Dataset records Block Start

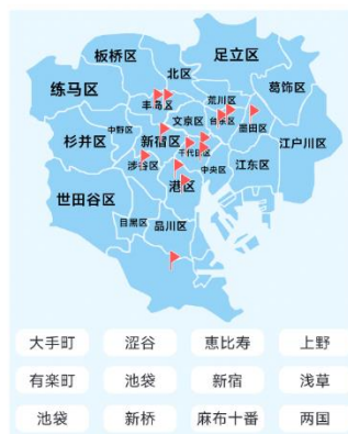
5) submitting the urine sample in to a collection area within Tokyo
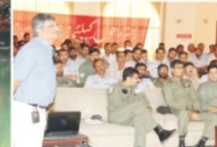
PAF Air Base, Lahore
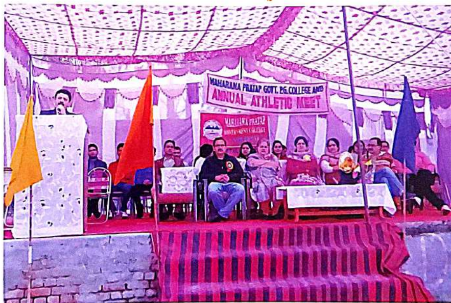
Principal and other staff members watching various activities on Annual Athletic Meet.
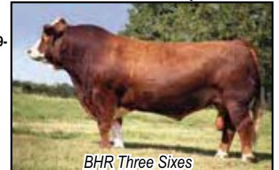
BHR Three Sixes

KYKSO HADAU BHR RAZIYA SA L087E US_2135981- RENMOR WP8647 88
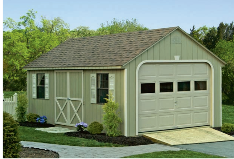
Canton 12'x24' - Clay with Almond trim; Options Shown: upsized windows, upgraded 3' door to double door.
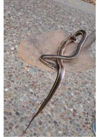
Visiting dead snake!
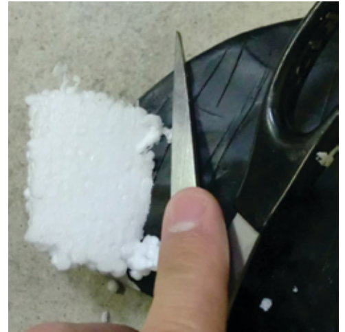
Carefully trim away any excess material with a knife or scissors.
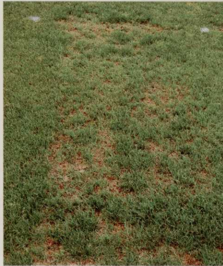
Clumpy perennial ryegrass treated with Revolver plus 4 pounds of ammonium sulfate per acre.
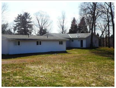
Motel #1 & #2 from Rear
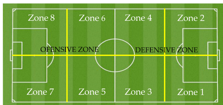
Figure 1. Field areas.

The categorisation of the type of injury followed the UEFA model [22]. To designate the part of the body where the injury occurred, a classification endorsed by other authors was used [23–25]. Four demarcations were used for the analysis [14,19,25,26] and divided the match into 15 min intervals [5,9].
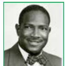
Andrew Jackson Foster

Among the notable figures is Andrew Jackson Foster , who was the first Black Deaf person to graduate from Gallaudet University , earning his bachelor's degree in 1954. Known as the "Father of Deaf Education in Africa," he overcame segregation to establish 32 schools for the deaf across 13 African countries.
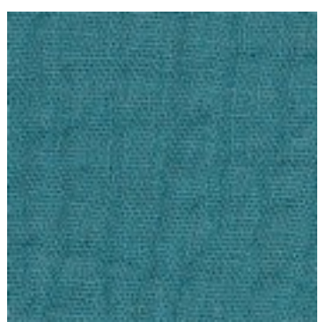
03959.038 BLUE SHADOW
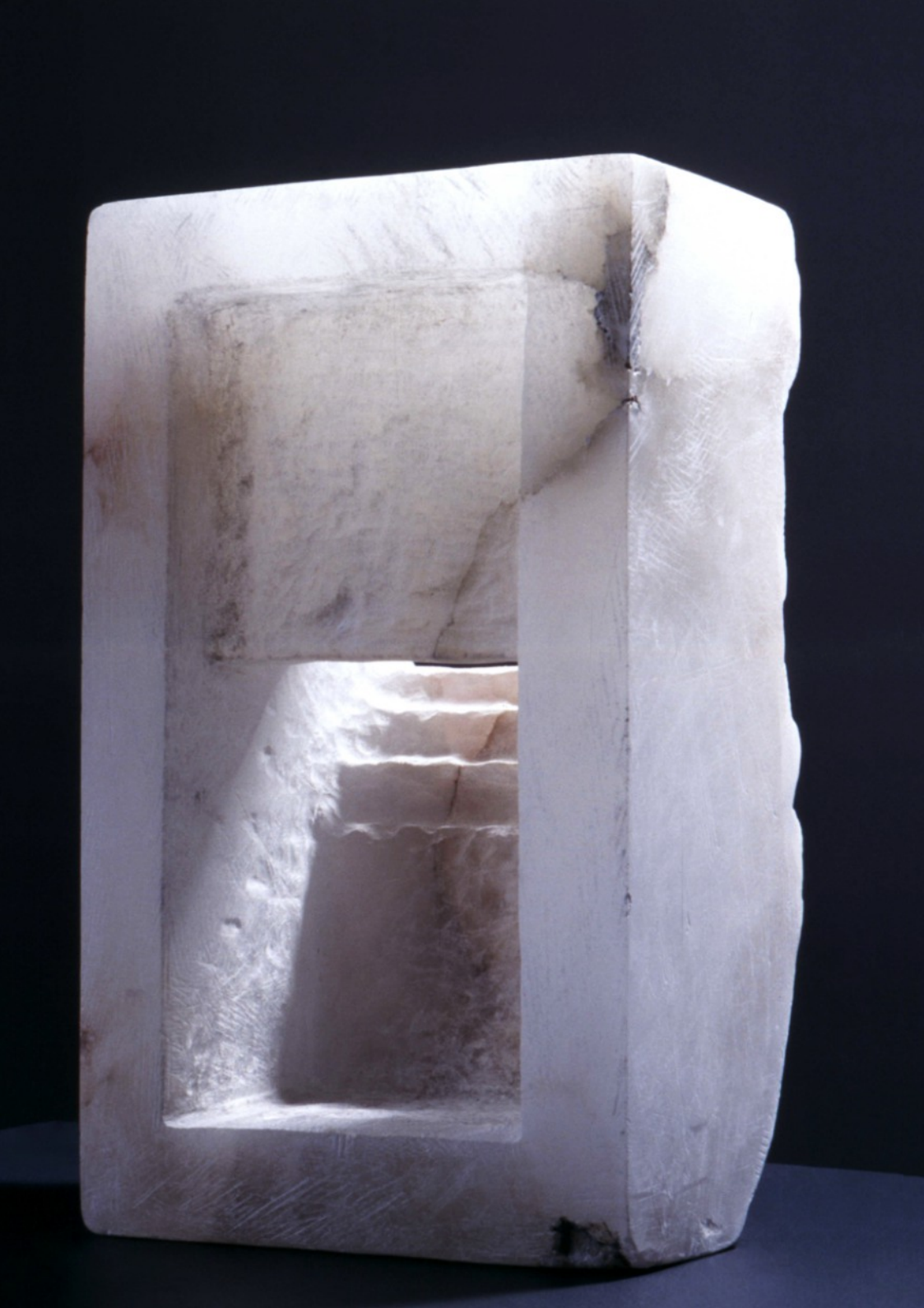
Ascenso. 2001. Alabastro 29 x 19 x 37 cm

Dataset records Block End

Whenever the word "from" appears in a line of the listing, report that line.

Motel #1 & #2 from Rear
Among the notable figures is Andrew Jackson Foster , who was the first Black Deaf person to graduate from Gallaudet University , earning his bachelor's degree in 1954. Known as the "Father of Deaf Education in Africa," he overcame segregation to establish 32 schools for the deaf across 13 African countries.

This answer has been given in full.